Inconsistent with the eye analysis results, knockdown of either kdm2 or kdm3 in tauR406W-overexpressing flies had no significant effect on climbing ability in flies that overexpressed tauR406W alone. However kdm2 knockdown tended to slightly exacerbate the tauR406W-induced locomotion defect, particularly in young flies (2–3 days after eclosion), but not significantly in older flies (data not shown). Furthermore, flies expressing kdm2 RNAi alone exhibited the locomotion defect, showing 60% climbing ability compared to 90% in control flies, indicating that KDM2 may play a role in neuronal function. In agreement with this result, kdm2 null mutant adult flies displayed defects in circadian locomotor behavior.38 Thus, a neuronal defect in kdm2-deficient flies during development may exacerbate the tauR406W-engendered locomotion impairment in young flies. Furthermore, kdm2 knockdown in the larval brain lobe can enhance the number and intensity of expression foci of the heterochromatin-embedded reporter in tauR406W-overexpressing flies. These results indicate that neuronal-specific downregulation of kdm2 may exacerbate tauR406W-induced locomotion impairment by enhancing heterochromatin loss during early development; however, the underlying mechanism remains to be elucidated.
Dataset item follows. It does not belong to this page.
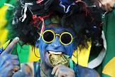 XXXI летние Олимпийские игры в Рио-де-Жанейро. Финальный матч по футболу среди мужчин между сборными командами Бразилии и Германии. Сборная Бразилии одержала победу. Болельщик сборной команды Бразилии.

Using bioinformatics analyses, we revealed significantly increased expression of JHDM1A, JHDM2A/2B, and JHDM3A/3B in postmortem brain tissue from patients with AD compared to non-demented controls, whereas JHDM1B mRNA levels were downregulated in the brains of AD patients. Using tauR406W-induced transgenic flies as an AD model, we showed that kdm4a knockdown in the CNS ameliorated tauR406W-induced locomotion defects by restoring heterochromatin. These results suggest that the downregulation of kdm4a expression could be a potential therapeutic target in AD.